The advantages of using QtXmlPatterns and XQuery in your Qt programs are summarized as follows:

  • Ease of development: All the C++ programming required to perform data query tasks can be replaced by a simple XQuery like the example above.
  • Comprehensive functionality: The expression syntax and rich set of functions and operators provided by XQuery are sufficient for performing any data searching, selecting, and sorting tasks.
  • Conformance to standards: Conformance to all applicable XML and XQuery standards ensures that QtXmlPatterns can always process XML documents generated by other conformant applications, and that XML documents created with QtXmlPatterns can be processed by other conformant applications.
  • Maximal flexibility The QtXmlPatterns module can be used to query XML data and non-XML data that can be modeled to look like XML.

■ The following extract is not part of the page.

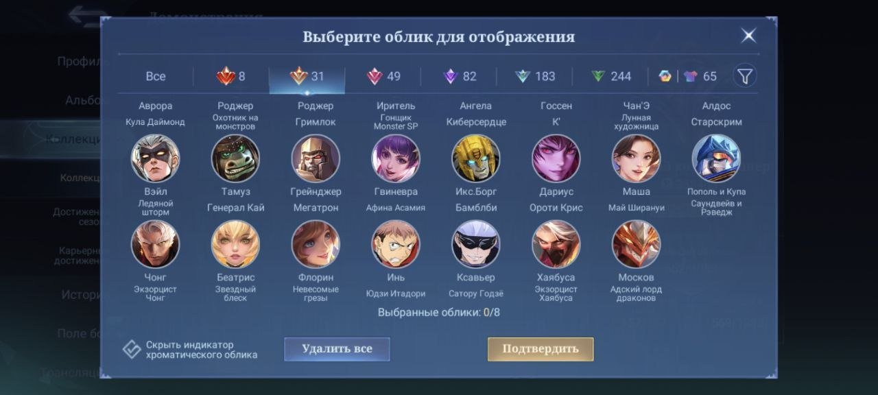 Легендарные скины (8): Мия, Сабер, Алукард, Франко, Горд, Лесли, Валир, Грейнджер;

Using the QtXmlPatterns module

There are two ways QtXmlPatterns can be used to evaluate queries. You can run the query engine in your Qt application using the QtXmlPatterns C++ API, or you can run the query engine from the command line using Qt's xmlpatterns command line utility.

Running the query engine from your Qt application

If we save the example XQuery shown above in a text file (e.g. myquery.xq), we can run it from a Qt application using a standard QtXmlPatterns code sequence:

     QFile xq("myquery.xq");

     QXmlQuery query;
     query.setQuery(&xq, QUrl::fromLocalFile(xq.fileName()));

     QXmlSerializer serializer(query, myOutputDevice);
     query.evaluateTo(&serializer);

First construct a QFile for the text file containing the XQuery (myquery.xq). Then create an instance of QXmlQuery and call its setQuery() function to load and parse the XQuery file. Then create an XML serializer to output the query's result set as unformatted XML. Finally, call the evaluateTo() function to evaluate the query and serialize the results as XML.

Note: If you compile Qt yourself, the QtXmlPatterns module will not be built if exceptions are disabled, or if you compile Qt with a compiler that doesn't support member templates, e.g., MSVC 6.

See the QXmlQuery documentation for more information about the QtXmlPatterns C++ API.

Running the query engine from the command line utility

xmlpatterns is a command line utility for running XQueries. It expects the name of a file containing the XQuery text.

 xmlpatterns myQuery.xq

The XQuery in myQuery.xq will be evaluated and its output written to stdout. Pass the -help switch to get the list of input flags and their meanings.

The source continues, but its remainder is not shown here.